**Source data**
******

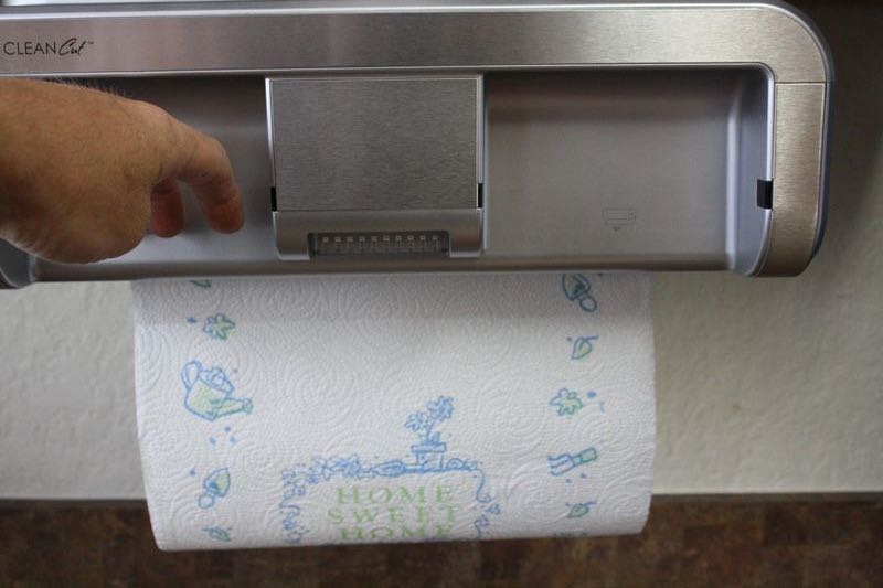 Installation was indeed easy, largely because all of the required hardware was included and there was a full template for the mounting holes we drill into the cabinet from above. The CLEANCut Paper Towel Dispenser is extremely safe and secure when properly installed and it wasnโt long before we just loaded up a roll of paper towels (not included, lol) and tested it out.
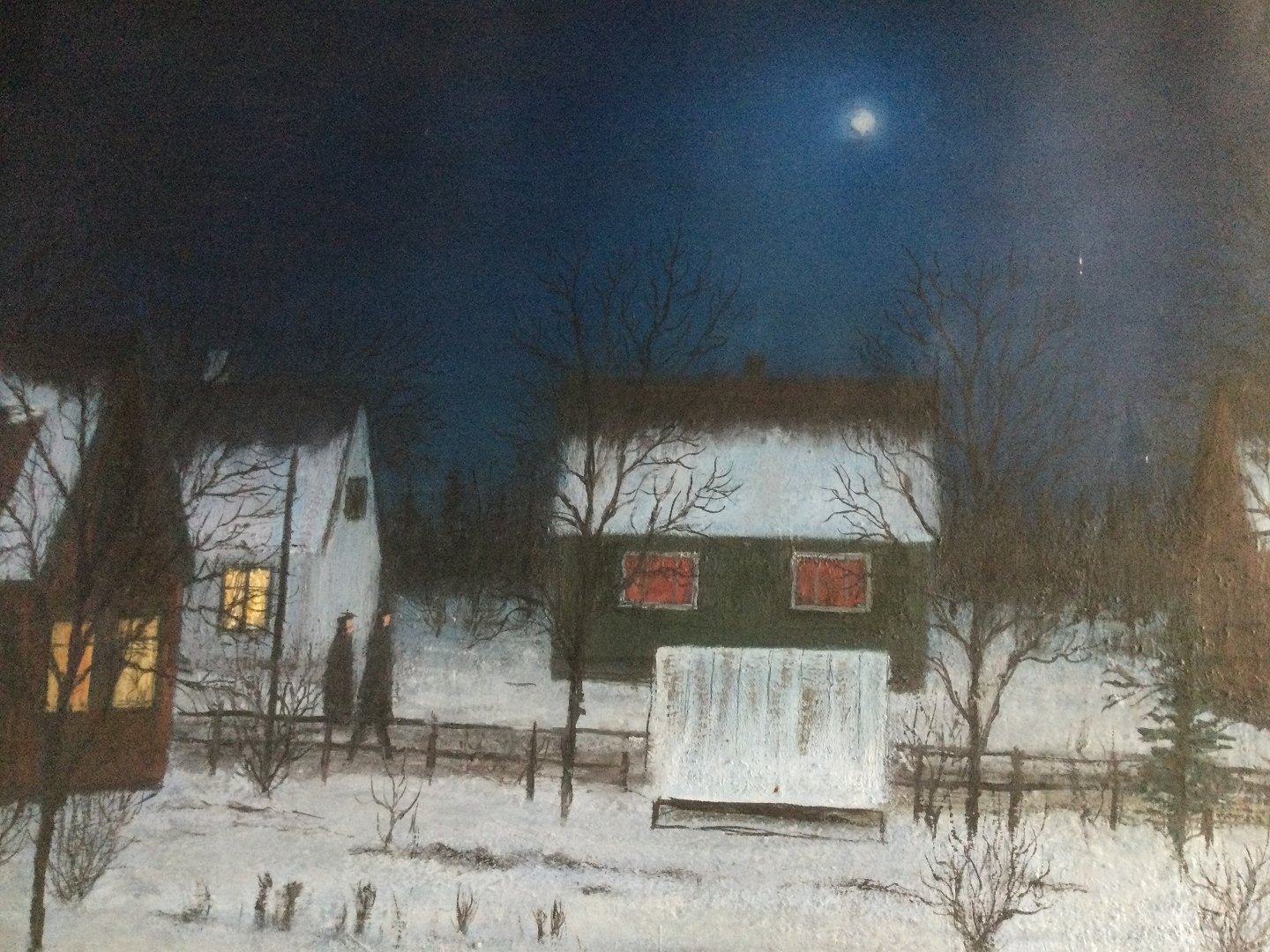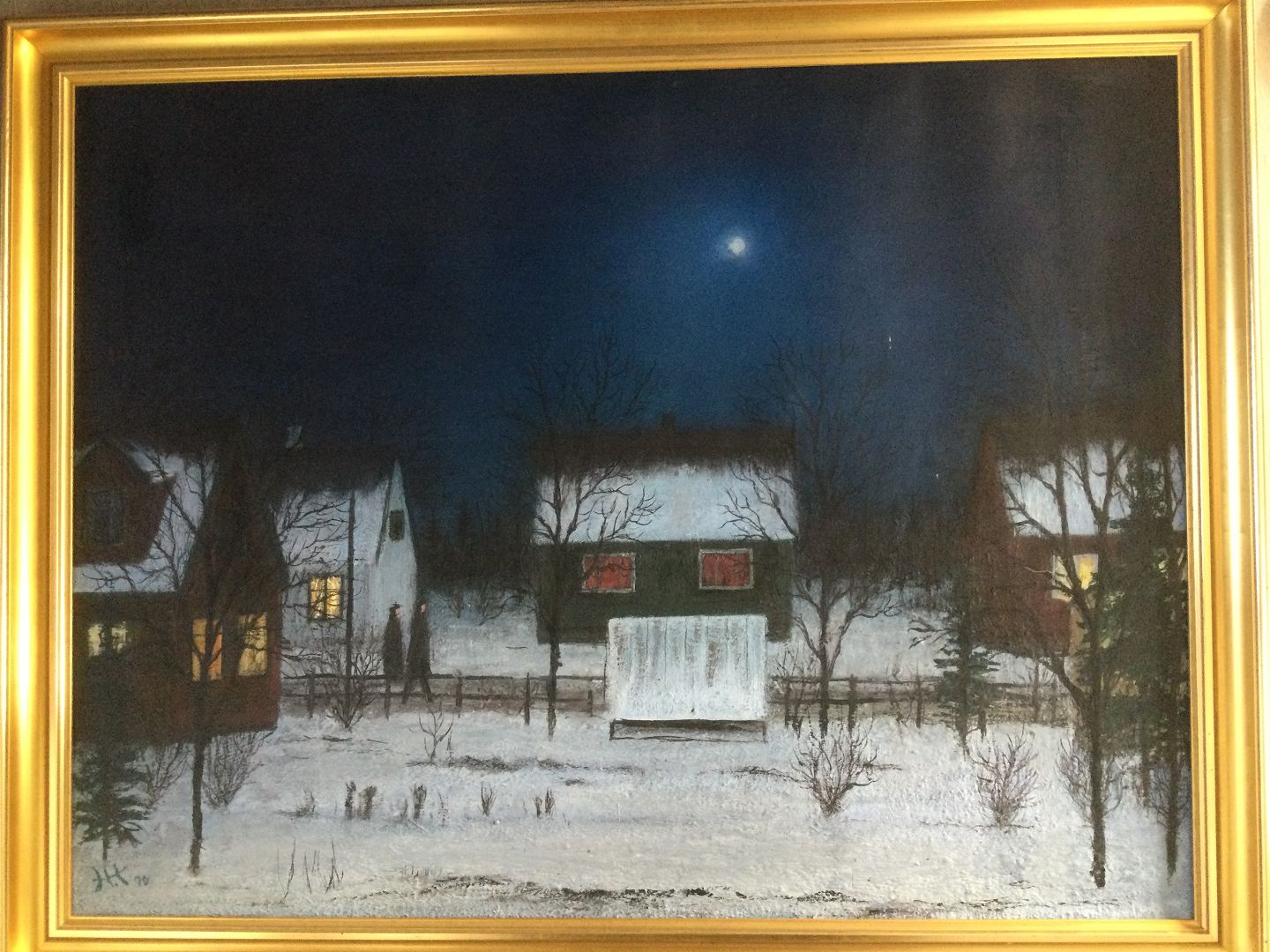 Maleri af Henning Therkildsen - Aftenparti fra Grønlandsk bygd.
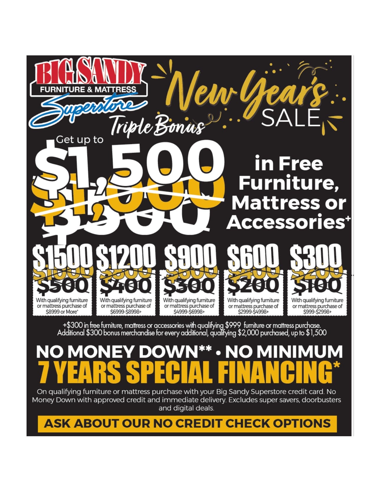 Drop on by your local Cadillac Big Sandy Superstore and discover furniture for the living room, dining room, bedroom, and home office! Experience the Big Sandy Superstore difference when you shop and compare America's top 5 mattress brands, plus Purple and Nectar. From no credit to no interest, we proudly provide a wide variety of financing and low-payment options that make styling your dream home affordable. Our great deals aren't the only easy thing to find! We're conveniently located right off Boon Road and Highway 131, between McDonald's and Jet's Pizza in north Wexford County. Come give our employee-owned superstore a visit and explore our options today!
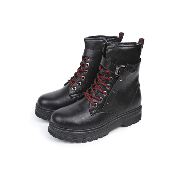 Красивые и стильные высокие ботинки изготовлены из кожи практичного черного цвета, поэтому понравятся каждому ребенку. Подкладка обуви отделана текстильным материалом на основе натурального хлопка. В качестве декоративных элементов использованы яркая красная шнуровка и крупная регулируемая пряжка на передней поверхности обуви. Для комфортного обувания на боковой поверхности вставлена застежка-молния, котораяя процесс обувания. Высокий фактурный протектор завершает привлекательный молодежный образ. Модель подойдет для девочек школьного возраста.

******

**Problem**
Would you give the data above again word for word, minus the pictures?

**Written solution**
 Installation was indeed easy, largely because all of the required hardware was included and there was a full template for the mounting holes we drill into the cabinet from above. The CLEANCut Paper Towel Dispenser is extremely safe and secure when properly installed and it wasnโt long before we just loaded up a roll of paper towels (not included, lol) and tested it out.
 Maleri af Henning Therkildsen - Aftenparti fra Grønlandsk bygd.
 Drop on by your local Cadillac Big Sandy Superstore and discover furniture for the living room, dining room, bedroom, and home office! Experience the Big Sandy Superstore difference when you shop and compare America's top 5 mattress brands, plus Purple and Nectar. From no credit to no interest, we proudly provide a wide variety of financing and low-payment options that make styling your dream home affordable. Our great deals aren't the only easy thing to find! We're conveniently located right off Boon Road and Highway 131, between McDonald's and Jet's Pizza in north Wexford County. Come give our employee-owned superstore a visit and explore our options today!
 Красивые и стильные высокие ботинки изготовлены из кожи практичного черного цвета, поэтому понравятся каждому ребенку. Подкладка обуви отделана текстильным материалом на основе натурального хлопка. В качестве декоративных элементов использованы яркая красная шнуровка и крупная регулируемая пряжка на передней поверхности обуви. Для комфортного обувания на боковой поверхности вставлена застежка-молния, котораяя процесс обувания. Высокий фактурный протектор завершает привлекательный молодежный образ. Модель подойдет для девочек школьного возраста.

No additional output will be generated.